The condition, quoth Panurge, is very hard. Nevertheless, cost what price it will, or whatsoever come of it, I heartily condescend thereto; protesting that I shall to-morrow break my fast betimes after my somniatory exercitations. Furthermore, I recommend myself to Homer's two gates, to Morpheus, to Iselon, to Phantasus, and unto Phobetor. If they in this my great need succour me and grant me that assistance which is fitting, I will in honour of them all erect a jolly, genteel altar, composed of the softest down. If I were now in Laconia, in the temple of Juno, betwixt Oetile and Thalamis, she suddenly would disentangle my perplexity, resolve me of my doubts, and cheer me up with fair and jovial dreams in a deep sleep.
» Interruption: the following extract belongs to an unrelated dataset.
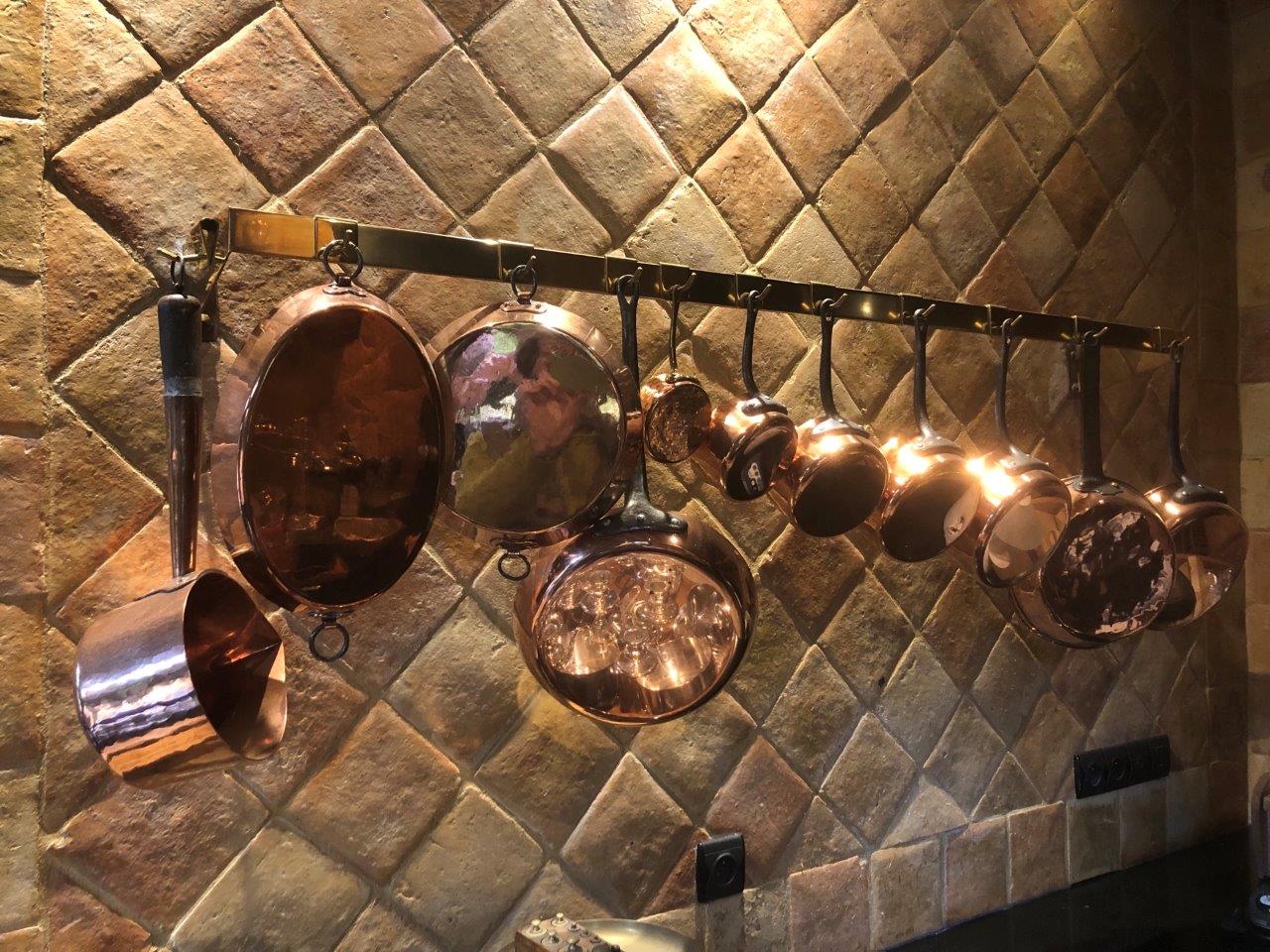 Onze cuivres: poêles, casseroles et instruments de cuisine utilisés par Alain Barrat puis par son gendre Didier Clément, alors que le restaurant détenait deux étoiles au Guide Michelin, de 1977 à 2007.

Then did he say thus unto Pantagruel: Sir, were it not expedient for my purpose to put a branch or two of curious laurel betwixt the quilt and bolster of my bed, under the pillow on which my head must lean? There is no need at all of that, quoth Pantagruel; for, besides that it is a thing very superstitious, the cheat thereof hath been at large discovered unto us in the writings of Serapion, Ascalonites, Antiphon, Philochorus, Artemon, and Fulgentius Planciades. I could say as much to you of the left shoulder of a crocodile, as also of a chameleon, without prejudice be it spoken to the credit which is due to the opinion of old Democritus; and likewise of the stone of the Bactrians, called Eumetrides, and of the Ammonian horn; for so by the Aethiopians is termed a certain precious stone, coloured like gold, and in the fashion, shape, form, and proportion of a ram's horn, as the horn of Jupiter Ammon is reported to have been: they over and above assuredly affirming that the dreams of those who carry it about them are no less veritable and infallible than the truth of the divine oracles. Nor is this much unlike to what Homer and Virgil wrote of these two gates of sleep, to which you have been pleased to recommend the management of what you have in hand. The one is of ivory, which letteth in confused, doubtful, and uncertain dreams; for through ivory, how small and slender soever it be, we can see nothing, the density, opacity, and close compactedness of its material parts hindering the penetration of the visual rays and the reception of the specieses of such things as are visible. The other is of horn, at which an entry is made to sure and certain dreams, even as through horn, by reason of the diaphanous splendour and bright transparency thereof, the species of all objects of the sight distinctly pass, and so without confusion appear, that they are clearly seen. Your meaning is, and you would thereby infer, quoth Friar John, that the dreams of all horned cuckolds, of which number Panurge, by the help of God and his future wife, is without controversy to be one, are always true and infallible.